SOURCE MATERIAL
◆ ◆ ◆ ◆
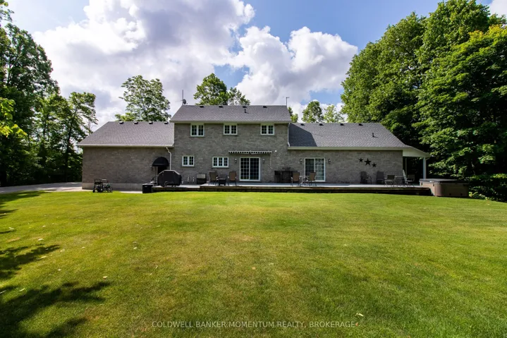 +"PublicRemarks": "Gracefully set upon a serene country lot, this custom-built residence embodies timeless elegance and refined living. Surrounded by mature trees and natural beauty, the property offers a rare sense of privacy and tranquility-an exceptional retreat from the everyday. Inside, soaring ceilings in the main living room create a sense of grandeur, while a thoughtfully designed layout ensures both comfort and effortless flow. The kitchen, complete with built-in appliances, is both sophisticated and functional-perfectly suited for intimate gatherings or elevated entertaining. The home offers three generously sized bedrooms with the primary on the main level with four beautifully appointed bathrooms, providing ample space for family and guests alike. The fully finished basement extends the living space with a stylish bar area, creating the perfect setting for hosting, while offering an abundance of storage to keep everything organized and out of sight. Outdoors, a wrap-around Trex deck invites you to relax and take in the peaceful surroundings. Unwind in the hot tub, entertain under the open sky, or envision the possibilities there is plenty of space to add a pool and create your own private outdoor oasis. The manicured grounds are effortlessly maintained with an automatic sprinkler system, keeping the landscape lush throughout the seasons. Adding further appeal, this property features a shop ideal for hobbies or a home-based business, an expansive two bay garage, with a large parking area with room for multiple vehicles, trailers, or guests. This remarkable property is a seamless blend of craftsmanship, elegance, and country charm offering a lifestyle defined by space, privacy, and quiet sophistication."
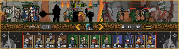 A real-time strategy simulation set in a medieval fantasy world where you can summon warriors and heroes to fight. 2D side-scrolling pixel game
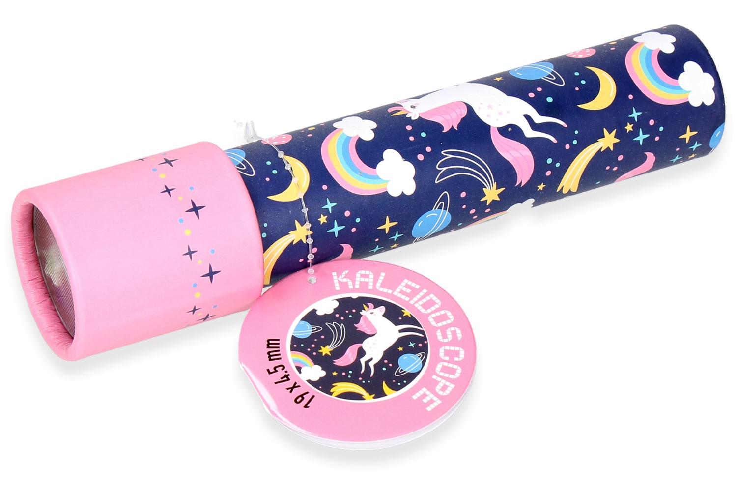 Kaleidoscoop in eenhoorn-thema. Kijk door de buis en draai wat aan de dop. Er ontstaan prachtige patronen!
◆ ◆ ◆ ◆
TASK DIRECTIONS
Output the lines above verbatim, images excluded.

REPLY
 +"PublicRemarks": "Gracefully set upon a serene country lot, this custom-built residence embodies timeless elegance and refined living. Surrounded by mature trees and natural beauty, the property offers a rare sense of privacy and tranquility-an exceptional retreat from the everyday. Inside, soaring ceilings in the main living room create a sense of grandeur, while a thoughtfully designed layout ensures both comfort and effortless flow. The kitchen, complete with built-in appliances, is both sophisticated and functional-perfectly suited for intimate gatherings or elevated entertaining. The home offers three generously sized bedrooms with the primary on the main level with four beautifully appointed bathrooms, providing ample space for family and guests alike. The fully finished basement extends the living space with a stylish bar area, creating the perfect setting for hosting, while offering an abundance of storage to keep everything organized and out of sight. Outdoors, a wrap-around Trex deck invites you to relax and take in the peaceful surroundings. Unwind in the hot tub, entertain under the open sky, or envision the possibilities there is plenty of space to add a pool and create your own private outdoor oasis. The manicured grounds are effortlessly maintained with an automatic sprinkler system, keeping the landscape lush throughout the seasons. Adding further appeal, this property features a shop ideal for hobbies or a home-based business, an expansive two bay garage, with a large parking area with room for multiple vehicles, trailers, or guests. This remarkable property is a seamless blend of craftsmanship, elegance, and country charm offering a lifestyle defined by space, privacy, and quiet sophistication."
 A real-time strategy simulation set in a medieval fantasy world where you can summon warriors and heroes to fight. 2D side-scrolling pixel game
 Kaleidoscoop in eenhoorn-thema. Kijk door de buis en draai wat aan de dop. Er ontstaan prachtige patronen!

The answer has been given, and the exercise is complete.